The body or frame of the microscope serves to hold its four basic components in place: (1) the optical tube with its lenses (eyepieces and objectives), (2) a stage on which the specimen is placed for viewing, (3) a condenser to focus light onto the specimen, and (4) an illumination source. Each component and its unique features are discussed next.


Whereas some microscopes have only one eyepiece (monocular), those used in most clinical laboratories have two eyepieces (binocular). However, when using a monocular microscope, always view with both eyes open to reduce eyestrain. Initially this may be difficult, but with practice the image seen by the unused eye will be suppressed. With a binocular microscope, adjustments to the oculars are necessary to ensure optimal viewing. The interpupillary distance of the eyepiece tubes is adjusted by simply sliding them together or apart. Because vision in both eyes is usually not the same, each individual eyepiece is adjustable to compensate, using the diopter adjustment. To adjust the eyepieces, first view the image using only the right eye and eyepiece. Look at a specific spot on the specimen, and bring it into sharp focus using the fine adjustment knob. Next, close the right eye, and while looking with the left eye through the left eyepiece, rotate the diopter adjustment ring on this eyepiece until the same spot on the specimen is also in sharp focus (Fig. 18.3). Each technologist must make the interpupillary and diopter adjustments to suit his or her eyes. To eliminate eyestrain or tired eyes when performing microscopic work, always look through the microscope with eyes relaxed, and continually focus and refocus the microscope as needed using the fine adjustment control.
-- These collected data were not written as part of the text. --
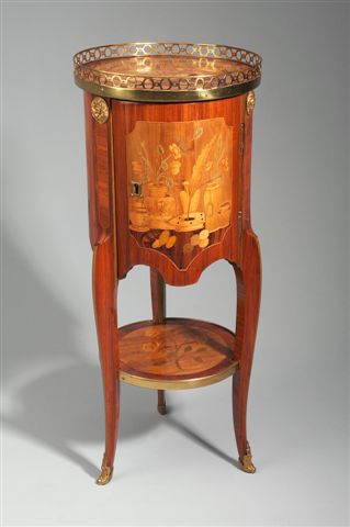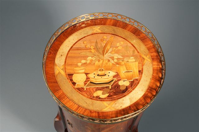 Petite TABLE TAMBOUR en placage de bois de rose, violette, sycomore et bois teinté. Elle ouvre à un vantail dissimulant trois tiroirs marquetés en fil dans des encadrements de fins filets de bois clair. Elle repose sur des pieds cambrés réunis par une tablette. Décor de marqueterie toutes faces : vases fleuris, plume, encrier et pots dans des encadrements de filets. Le plateau présente un médaillon en bois teinté vert à feuilles de laurier retenues par des rubans ; la tablette d'entretoise est marquetée de fleurs. Ornementation en bronze doré et ciselé : galerie à oves ajourées, rosaces, entrée de serrure et sabots.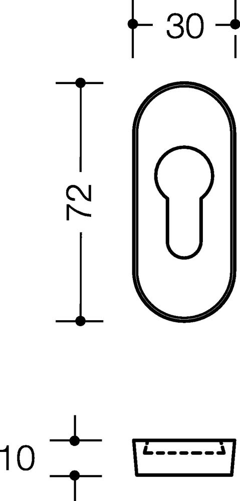 Außenrosette, massiv, oval 72 x 30 mm, 10 mm stark
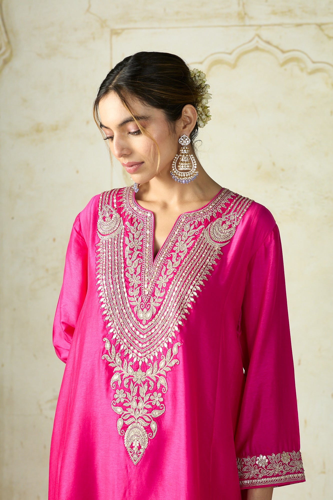 The Asymmetrical Kurta Is Adorned With Intricate Embroidery Along The Neckline, Hem, And Cuffs, Adding A Regal Touch To The Deep Hue. Paired With A Matching Salwar Featuring Delicate Motifs And A Broad Embroidered Hemline, The Ensemble Captures The Essence Of Traditional Sophistication.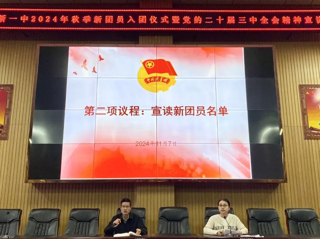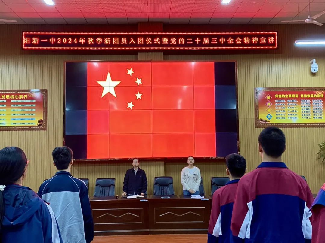 为坚定理想信念,厚植家国情怀,增强青年学子爱党爱国意识,11月7日18:00,校团委开展2024年秋季新团员入团仪式暨党的二十届三中全会精神宣讲会,阳新一中分管德育副校长徐美姝出席活动,本次活动由校团委书记陈湖庚主持。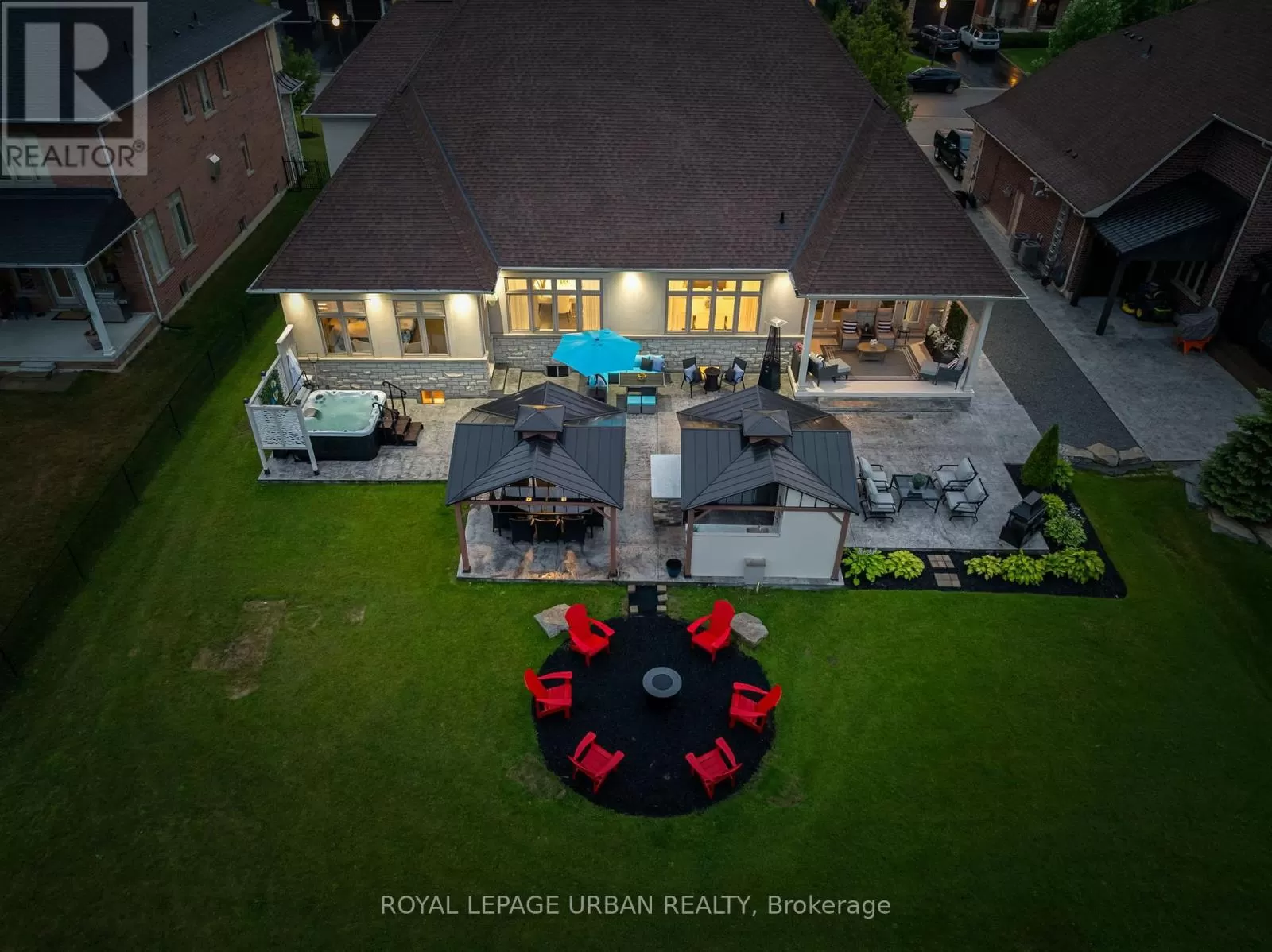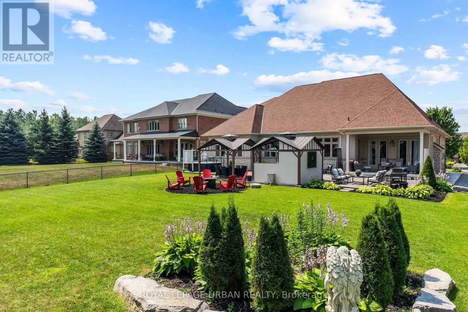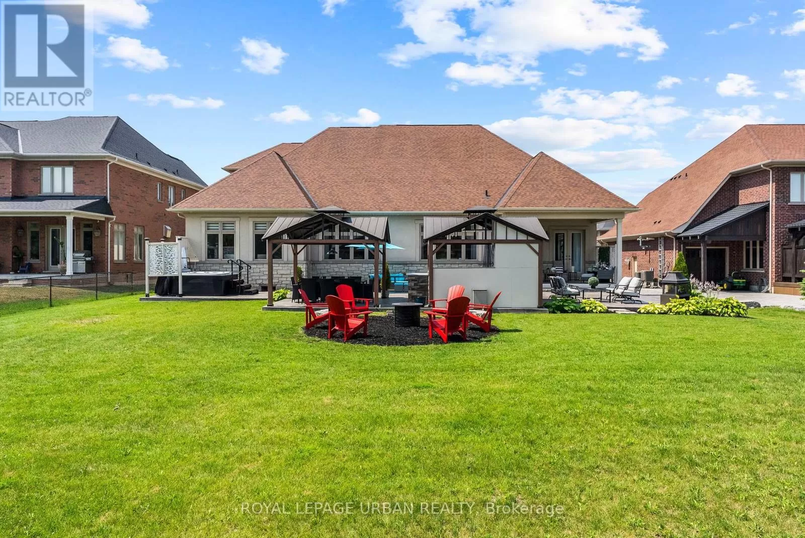 Brock Rd & Goodwood Rd Welcome to this luxurious 6-bedroom, 5-bath bungaloft, perfectly positioned on an impressive 85 x 205 ft lot within one of Uxbridge's most exclusive gated golf course communities. Offering over 6,000 sq. ft. of finished living space with soaring 10 ft ceilings throughout, this home blends timeless elegance with modern convenience.The main level showcases a chef-inspired kitchen with Sub-Zero and Wolf appliances, walk-in pantry, custom wall units, and a convenient main-floor laundry. Expansive principal rooms flow seamlessly, with spacious bedrooms featuring walk-in closets for ultimate comfort.The fully finished basement offers versatile living and entertainment spaces, ideal for hosting family and friends. Every detail has been thoughtfully upgraded, including stamped concrete walkway, accent walls and ceilings, pot lights, and an EV charger.Step outside to your private backyard retreat, complete with a hot tub, two gazebos, and professionally landscaped grounds perfect for outdoor living and entertaining.With parking for 9 vehicles and a 3-car garage, this home truly has it all.This is a rare opportunity to own a modern, upgraded residence in one of Uxbridge's most sought-after communities. (id:27476)

Eyeglass wearers should consider keeping their glasses on when performing microscopic work. Rubber guards are available that fit over the eyepieces and prevent scratching of the eyeglasses. People with only spherical corrections (nearsighted or farsighted) can work at the microscope without their glasses. Focus adjustments of the microscope compensate for these visual defects. However, those with an astigmatism that requires a toric lens for correction should do microscopic work while wearing their eyeglasses, because the microscope cannot compensate for this. To determine whether eyeglasses have any toric correction in them, hold the glasses in front of some lettering at arm’s length. The eyeglass will magnify or reduce the lettering. Now, rotate the glasses 45 degrees. If the lettering changes in length and width, the glasses contain toric correction and should be worn when one uses the microscope; if the lettering does not change, the eyeglasses have only spherical correction and do not need to be worn for microscopic work.

Mechanical Stage

The microscope mechanical stage is designed to hold firmly in place the slide to be examined. The stage has conveniently located adjustment knobs to move the slide front to back and side to side. When viewing the slide, the user views the image upside down. Moving the slide in one direction causes the image to move in the opposite direction. Some stages have a vernier scale on a horizontal and a vertical edge to facilitate relocation of a particular FOV. By recording the horizontal and vertical vernier scale values, the slide can be removed and at a later time placed back onto the stage and the identical FOV can be found and reexamined.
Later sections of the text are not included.